Daniel Pittack v Muhammad Maximilian Naviede (2010)


The Standard Conditions of Sale (4th edition), applicable to residential conveyancing, did not at clause 1.5 operate to exclude subsales


The claimant purchaser (P) claimed for the return of a deposit paid on exchange of contracts for the purchase of a leasehold residential property from the defendant vendor (N). The contract incorporated the Standard Conditions of Sale (4th edition), which at clause 1.5 provided that "The buyer is not entitled to transfer the benefit of the contract". The lease provided that N could not assign it without the landlord's consent, and the contract required P to provide references so that N could obtain that consent. P later proposed that the property should be transferred direct to a sub-purchaser, but N refused to do so, relying on clause 1.5 as excluding direct-transfer subsales. P failed to complete the purchase and gave notice rescinding the contract on the basis that N's refusal to transfer to the sub-purchaser was a repudiatory breach, alternatively because N had not obtained the licence to assign by the required date. The issues were whether clause 1.5 operated to exclude subsales, and whether P or N was the party entitled to rescind the contract. P argued that, by contrast with the Standard Commercial Property Conditions of Sale (2nd edition), which at clause 1.5.2 specifically excluded subsales, there was nothing in the non-commercial standard conditions explicitly to exclude subsales, and no reason to imply such an exclusion.

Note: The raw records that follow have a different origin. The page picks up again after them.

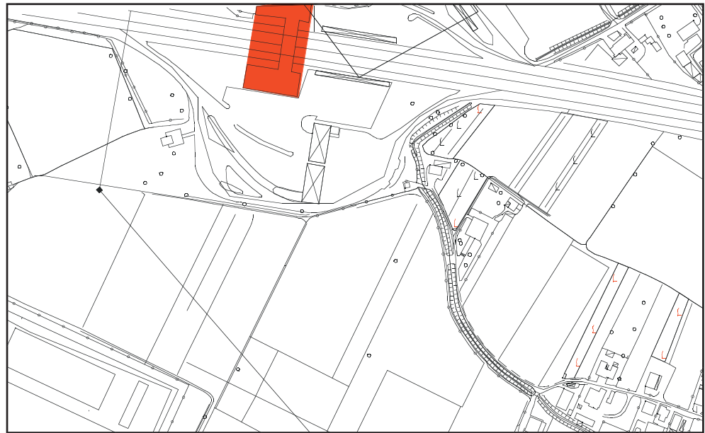
foto stato attuale
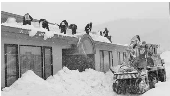
ヤマモト巧建株式会社（山本 博行代表取締役）様 小平幼稚園の周辺環境整備（2/11）
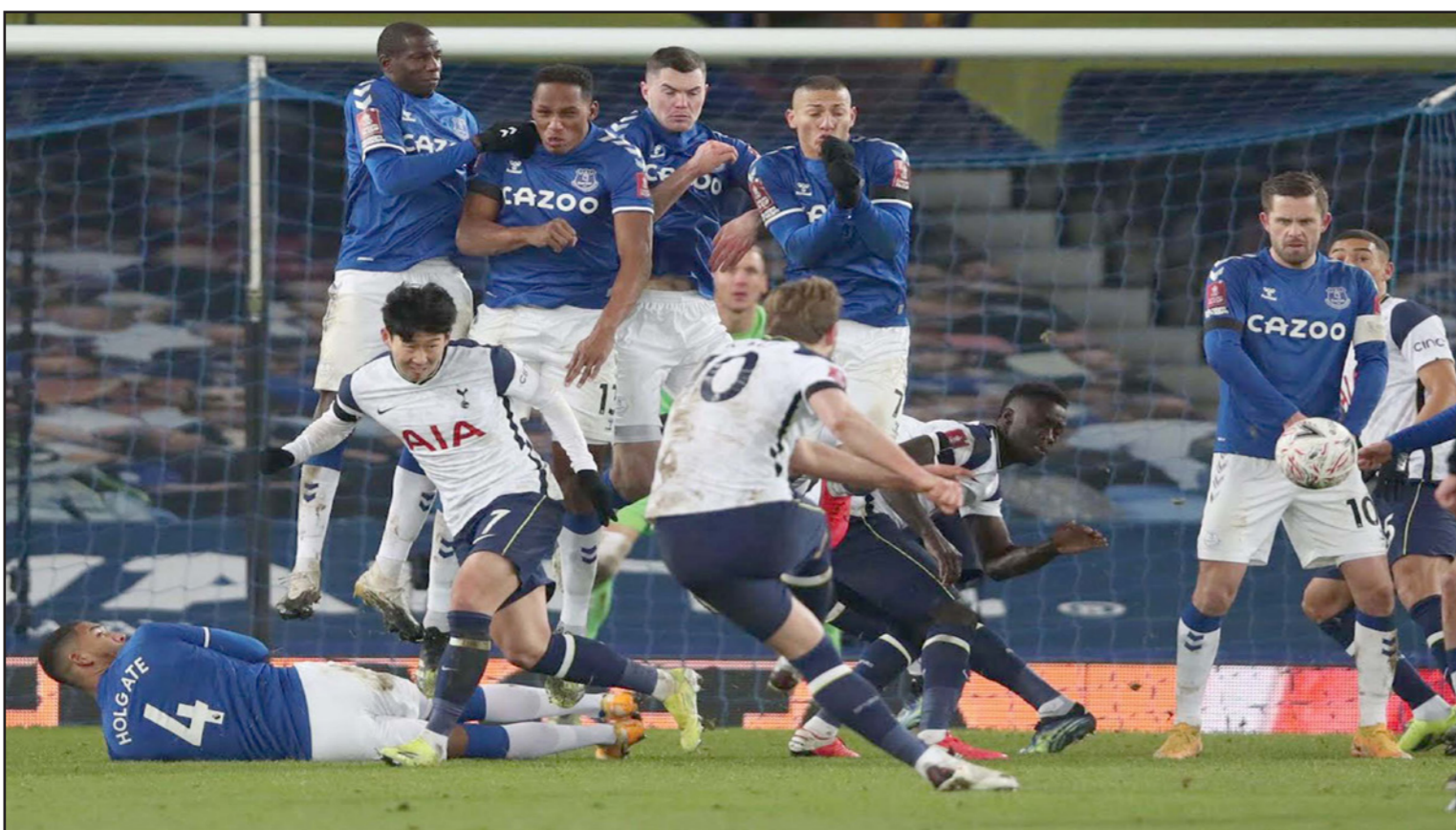
كاين يسدد كرة حرة بين حائط إيفرتون خلال المباراة المثيرة التي خسرها توتنهام

■ لندن - آ ف ب: لحقت أندية مانشستر سيتي وليستر وإيفرتون ومانشستر يونايتد إلى ربع نهائي كأس الاتحاد الإنكليزي بفوز الأول على سوانزي (درجة أولى) 3-1، والثاني على برايتون 1-صفر، والثالث على توتنهام 5-4 بعد التمديد في ثمن النهائي. في المباراة الأولى، سجل كایل ووكر (30) ورحيم ستيرلنج (47) وغابريال جيزوس (50) أهداف سيتي، ومورغان وايتكير (77) هدف سوانزي. وكان مانشستر يونايتد وبورنموث من (درجة أولى) أول المتأهلين إلى ربع النهائي بفوز الأول على وستهم 1-صفر بعد التمديد، والثاني على مضيغة بيرنلي 2-صفر في افتتاح مباريات ثمن النهائي. وهو الفوز الخامس عشر على التوالي للسيتي في مختلف المسابقات أكد به استعداده الجيد للقمم المرتفعة ضد توتنهام غدا وإيفرتون الأربعاء المقبل وأرسنال في 21 شباط/فبراير في المراحل 24 و25 و26 للدوري الذي يسعى إلى استعادته لقبه حيث يتصدر بفارق خمس نقاط أمام جار ه يونايتد مع مباراة مؤجلة، قبل أن يلحق ضيفا على بوروسيا مونشنغلادباخ الألماني في ذهاب ثمن نهائي دوري أبطال أوروبا. وضمن السيتي الذي بلغ المباراة النهائية لكأس الرابطة للعام الرابع على التوالي حيث سيلتقي في 25 نيسان/أبريل في سعيه للقب الرابع تواليا والثامن لمعادلة الرقم القياسي الموجود بحوزة ليفربول، باستعادة لقب كأس الاتحاد الذي فقدته الموسم الماضي بخسارته أمام أرسنال في نصف النهائي، وبالتالي تحقيق رقبة تاريخية (الدوري والكأس المحليان ودوري الإبطال). كما أنه الفوز رقم 200 لغوارديولا في 268 مباراة مع السيتي. وعلى المدرب بيب غوارديولا قائلا: "إنه أمر مذهل لنا، لا يمكننا أن ننكر مدى مساعدا وفخرنا بتخطيم هذا الرقم القياسي. فالسجلات موجودة لتهيئة لمخيمها، لكن يتعين عليهم القيام بعمل جيد (لتحطيمها)". مضيفا أنه
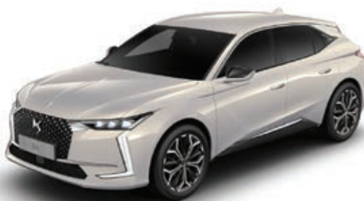
Bílá Cristal Pearl (M) MOPH
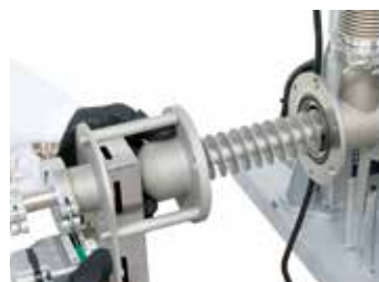
Sinfin con número ajustable de revoluciones por minuto

Dependiendo de proceso, la carga y la temperatura máxima requerida, se pueden utilizar diferentes tubos de trabajo de cristal de cuarzo, cerámica o metal. Por tanto, este horno tubular rotatorio es altamente adaptable para diferentes procesos.
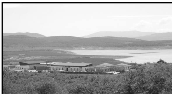
Imagen 2. Vista del Parque Guadalteba

Otras actuaciones se han dedicado a la reconstrucción de la memoria colectiva . A través de distintas acciones se impulsa la valorización de la historia recientes de las
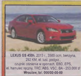
LEXUS GS 450h , 2013 r., 3500 ccm, benzyna, 292 KM, el. lust. podgrz. czujniki ciśnienia w oponach, EBD, EPS, el. hamulec ręczny, TRC, ABS, VSC, BA - 253.000 zł Wrocław, tel. 000/00-00-00
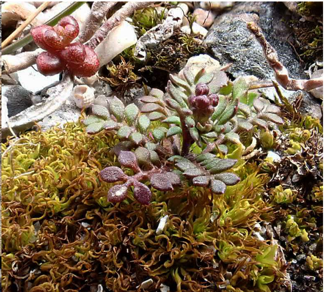
Strandmalörten och den mycket lilla stenkrassingen
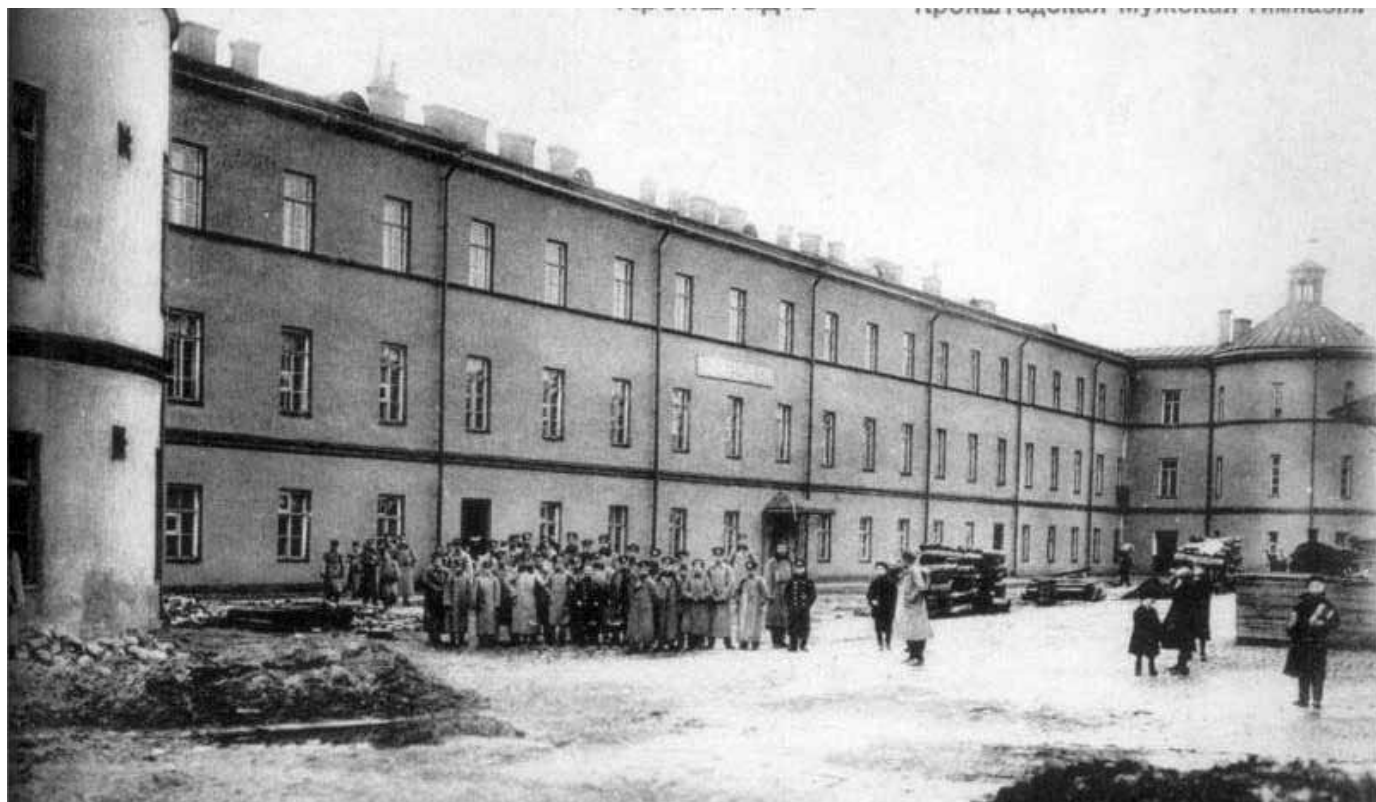
Кронштадтская мужская гимназия

Не случайно во всех своих поездках по необъятным просторам России, о. Иоанн не уставал посещать учебные заведения и встречаться с семинаристами, студентами различных учебных заведений, гимназистами. География мест, которые посетил отец Иоанн в своем окормлении пра-
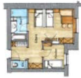
(Grundrisse sind schematisch, Abweichungen möglich)

Preis pro Person und Tag Price per person and day
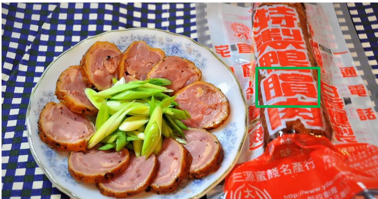
Fig. 3.2.16 News report on 好視新聞

(1) In the absence of provision to the contrary, a buyer was entitled to require the vendor to transfer the property on completion to a third party of his choosing, Earl of Egmont v Smith (1877) LR 6 Ch D 469 Ch D, Curtis Moffat Ltd v Wheeler (1929) 2 Ch 224 Ch D and Williams on Vendor and Purchaser, 4th edition, 1936 considered. That also applied to the sale of leasehold property, including cases where any prohibition on assignment without consent could not be unreasonably withheld. It was open to any vendor to include an exclusion of subsales in a non-commercial contract, as clause 1.5.2 of the commercial standard conditions did. If that explicit exclusion was not present, clause 1.5 of the non-commercial standard should be read as not excluding subsales. It was significant that the commercial standard conditions were different, and the Conveyancing Handbook, 16th edition, The Law Society, Part B.14 was unfortunate or even misleading in failing to draw a distinction between the two. P had been entitled to rescind for repudiatory breach. (2) The licence to assign had not been provided by the required date and P was not in breach by failing to provide references, as the landlord had indicated that it did not require such references. Accordingly, P had been not been in breach and was entitled to return of the deposit with interest.